Language data is distributed in a very "concentrated" or predictable way. While we do not always know what someone is going to say next, we can generally make a pretty good guess and not be too far off. Language is much more predictable than, say, coin flips or dice rolls. The non-randomness of language can be seen by analyzing how "peaky" several distributions that we use to analyze corpora are. 

These extremely rare events can cause a major problem for NLP because sometimes:

1. They are a nuisance (for example, they may be typos)
2. They are exactly what we want to know (they uniquely characterize a text)

The most important of these distributions is the [Zipf-Mandelbrot distribution](https://en.wikipedia.org/wiki/Zipf%E2%80%93Mandelbrot_law)). 

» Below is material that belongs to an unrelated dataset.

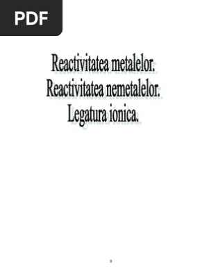 vizitati articolul complet aici : https://es.scribd.com/document/339138009/0proiect-Didactic-Metale Unități de măsură pentru viteza de reacție; Proprietati chimice metalele au caracter electropozitiv, deoarece atomii lor au tendinta sa cedeze electronii din straturile electronice exterioare si astfel trec in ioni cu sarcina pozitiva. Seria reactivitatii chimice a metalelor.

Keeping with this, very few bigrams occur very many times, and many bigrams occur very few times. This trade-off is commonly seen with co-occurrence data across fields, such as the prevalence of different species in a natural area, what songs appear together on playlists, etc.

# Quiz yourself:

* How do you think Zipf's law interacts with n-grams of different sizes?
* How do you think the distribution of bigram frequencies is different from a distribution of all pairs if they co-occurred _independently_?